### GOAL OF THE EXERCISE
With the pictures excluded, output only the lines from the one containing "Table d'examen et" through the last line of the entries, unchanged.

━━━━━ DATA EXTRACTS ━━━━━

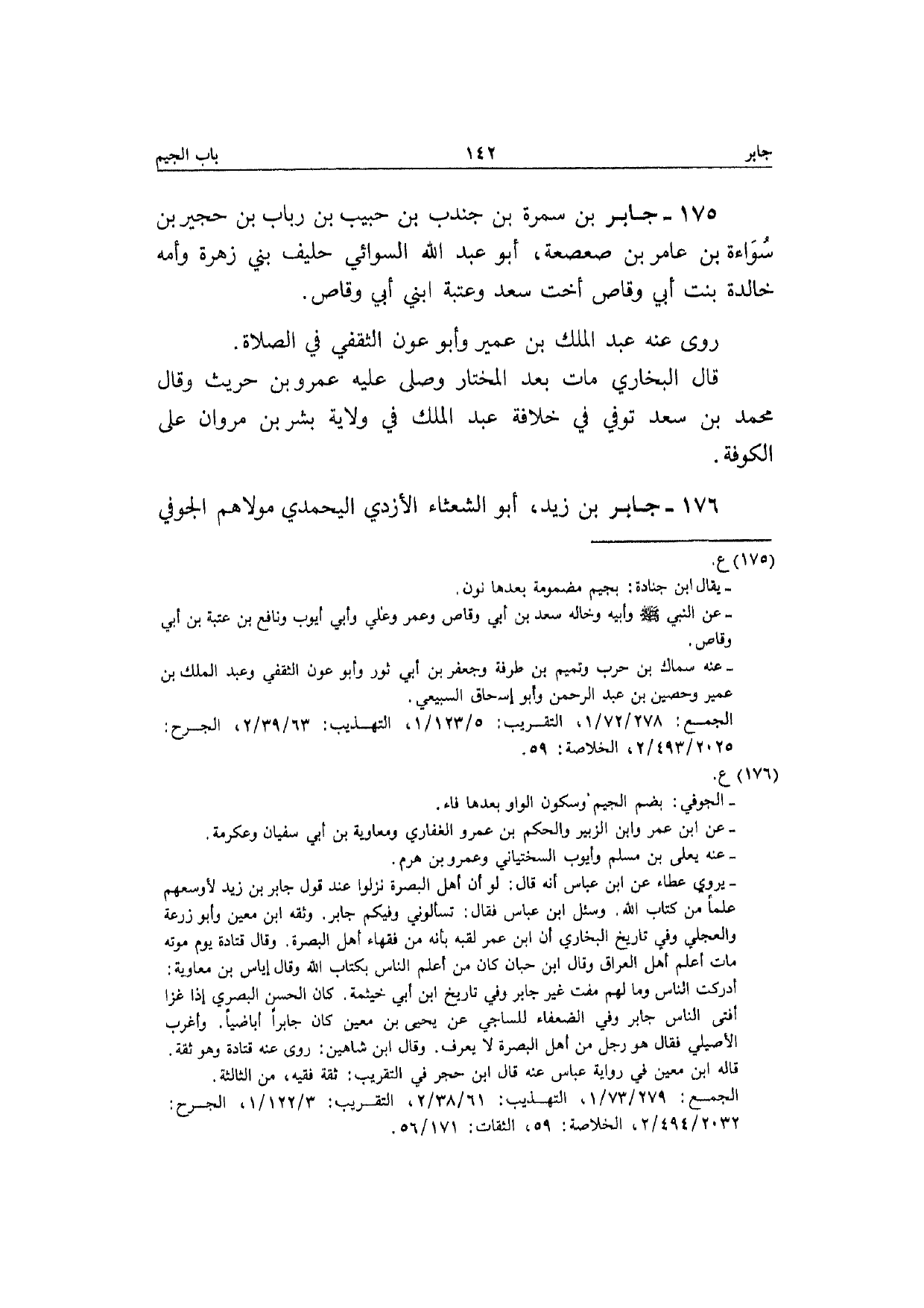 175 - جَابر بن سَمُرَة بن جُنْدُب بن حبيب بن ربَاب بن حُجَيْر بن سواءة بن عَامر بن صعصعة أَبُو عبد الله السوَائِي حَلِيف بني زهرَة وَأمه خالدة بنت أبي وَقاص أُخْت سعد وَعتبَة ابْني أبي وَقاص رَوَى عَنهُ عبد الْملك بن عُمَيْر وَأَبُو عون الثَّقَفِيّ فِي الصَّلَاة
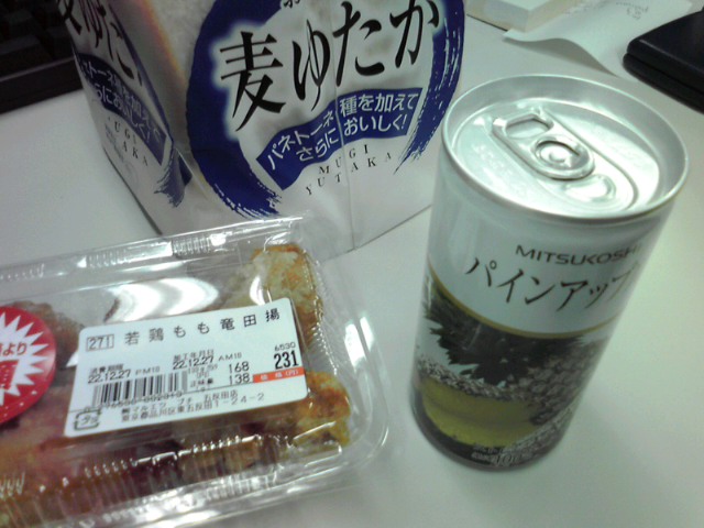 終わった後の捕食はストレート(濃縮還元じゃないよ!)パイナップルジュース、鶏の竜田揚げ、ブドウ糖20g入り緑茶、食パン1枚(ハチミツがけ)。
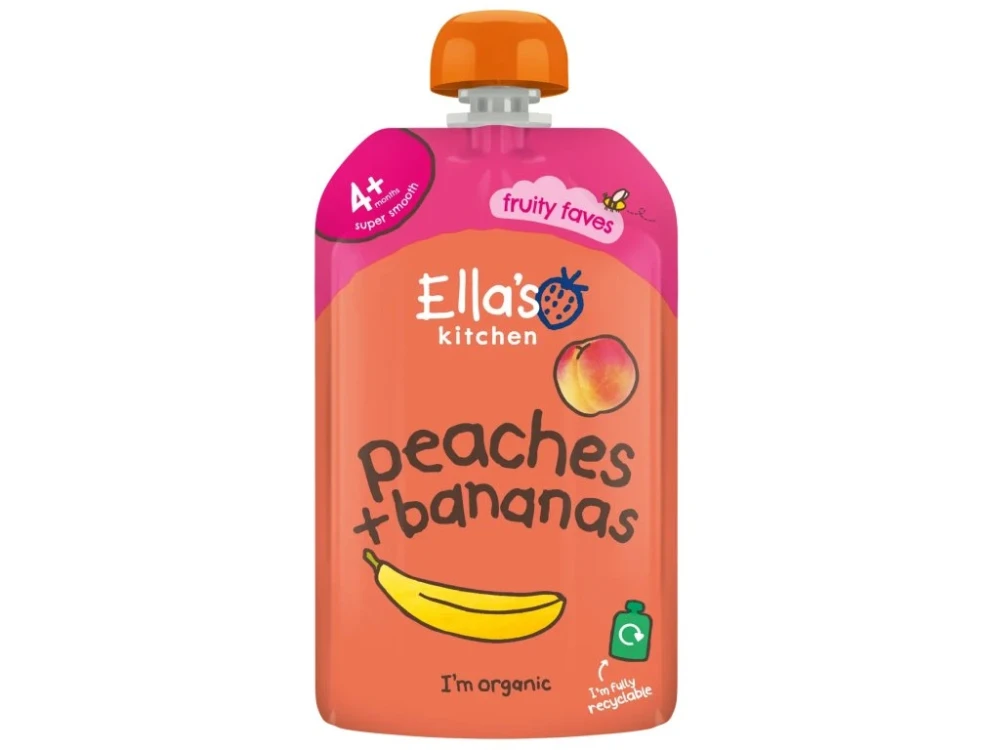 Dobrý deň! Som 100% prírodné ovocné pyré z Ella's Kitchen plné chutného 100% bio pyré z broskýň + banánov s trochou citrónovej šťavy. Nič iné sa nepridáva, dokonca ani voda.
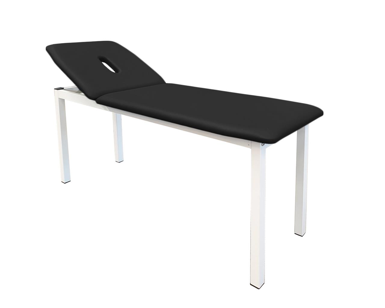Table d'examen et pour traitements au design avancé conçue pour des usages esthétiques et médicaux. Équipée d'une structure métallique démontable et d'une section réglable par mouvement manuel pour faciliter les opérations sur le patient. La tête est équipée d'un large ouverture bouche-nez (ouverture faciale) pour une position ventrale.
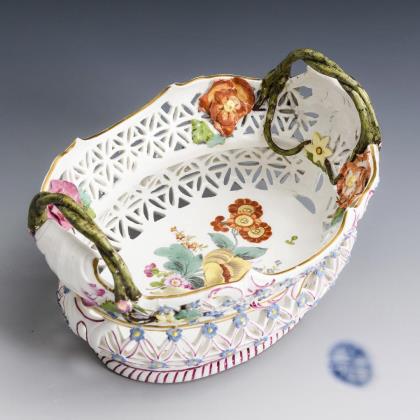 Ovaler Korb mit zwei gewundenen Henkeln, Blütenauflage und Blumenmalerei

━━━━━

### OUTPUT OF THE EXERCISE
Table d'examen et pour traitements au design avancé conçue pour des usages esthétiques et médicaux. Équipée d'une structure métallique démontable et d'une section réglable par mouvement manuel pour faciliter les opérations sur le patient. La tête est équipée d'un large ouverture bouche-nez (ouverture faciale) pour une position ventrale.
 Ovaler Korb mit zwei gewundenen Henkeln, Blütenauflage und Blumenmalerei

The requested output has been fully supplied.